--- Records shown Enclosed Below ---
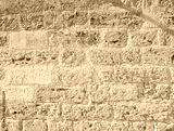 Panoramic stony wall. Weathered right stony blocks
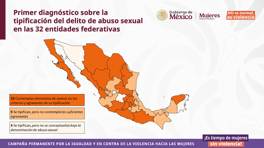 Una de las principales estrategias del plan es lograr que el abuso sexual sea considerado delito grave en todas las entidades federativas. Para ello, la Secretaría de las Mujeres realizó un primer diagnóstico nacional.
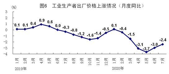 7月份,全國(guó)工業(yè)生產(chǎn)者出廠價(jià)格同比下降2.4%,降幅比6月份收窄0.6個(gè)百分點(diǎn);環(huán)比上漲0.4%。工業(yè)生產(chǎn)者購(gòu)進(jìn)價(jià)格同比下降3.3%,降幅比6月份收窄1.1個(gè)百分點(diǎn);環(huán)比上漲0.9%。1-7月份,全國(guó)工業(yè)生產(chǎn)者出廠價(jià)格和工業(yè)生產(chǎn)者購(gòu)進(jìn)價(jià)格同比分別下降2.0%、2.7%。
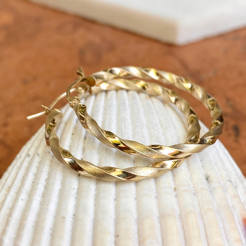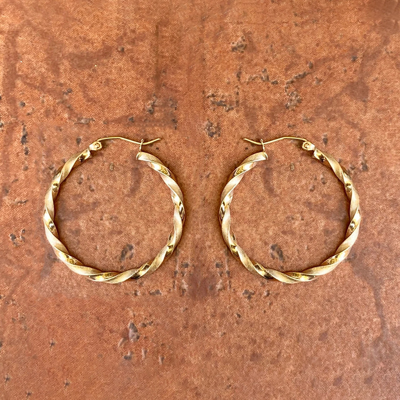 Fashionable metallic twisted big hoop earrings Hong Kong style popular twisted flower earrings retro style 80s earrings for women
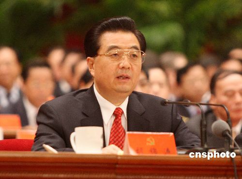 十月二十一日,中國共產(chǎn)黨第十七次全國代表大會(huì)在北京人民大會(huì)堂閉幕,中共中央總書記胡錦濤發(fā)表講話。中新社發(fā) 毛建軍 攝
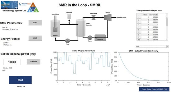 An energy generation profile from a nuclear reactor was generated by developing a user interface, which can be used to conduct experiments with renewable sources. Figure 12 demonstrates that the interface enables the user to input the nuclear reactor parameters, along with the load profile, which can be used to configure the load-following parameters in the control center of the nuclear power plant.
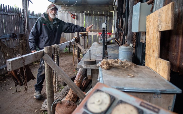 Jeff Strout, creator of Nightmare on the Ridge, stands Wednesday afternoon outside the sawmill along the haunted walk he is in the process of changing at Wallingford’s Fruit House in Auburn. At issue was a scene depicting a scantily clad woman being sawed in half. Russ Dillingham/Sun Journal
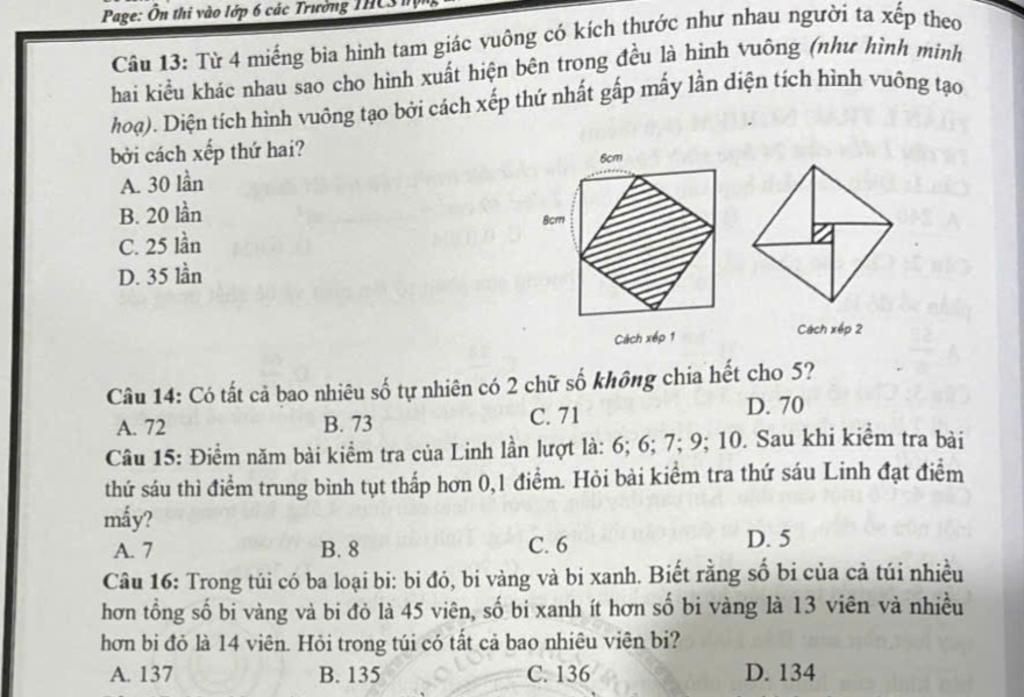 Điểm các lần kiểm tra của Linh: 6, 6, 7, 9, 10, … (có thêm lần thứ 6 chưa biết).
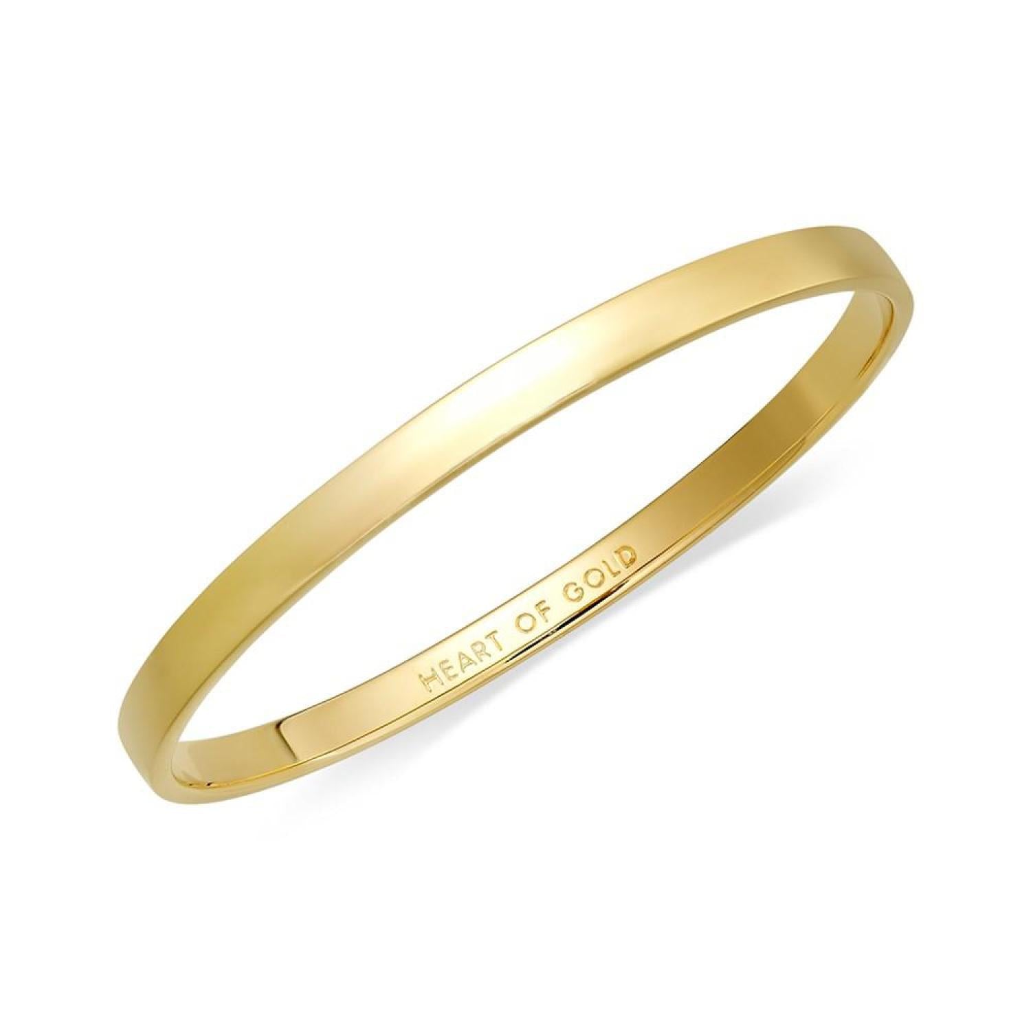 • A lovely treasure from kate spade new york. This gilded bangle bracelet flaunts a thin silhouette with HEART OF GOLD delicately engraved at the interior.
--- End of Enclosed Records shown ---
§ **What needs to be done**
Both boundary lines included, write out word for word only the lines above from the one containing "Fashionable metallic twisted" to the one containing "Jeff Strout, creator", leaving out any pictures.

§ **Exercise solution**
 Fashionable metallic twisted big hoop earrings Hong Kong style popular twisted flower earrings retro style 80s earrings for women
 十月二十一日,中國共產(chǎn)黨第十七次全國代表大會(huì)在北京人民大會(huì)堂閉幕,中共中央總書記胡錦濤發(fā)表講話。中新社發(fā) 毛建軍 攝
 An energy generation profile from a nuclear reactor was generated by developing a user interface, which can be used to conduct experiments with renewable sources. Figure 12 demonstrates that the interface enables the user to input the nuclear reactor parameters, along with the load profile, which can be used to configure the load-following parameters in the control center of the nuclear power plant.
 Jeff Strout, creator of Nightmare on the Ridge, stands Wednesday afternoon outside the sawmill along the haunted walk he is in the process of changing at Wallingford’s Fruit House in Auburn. At issue was a scene depicting a scantily clad woman being sawed in half. Russ Dillingham/Sun Journal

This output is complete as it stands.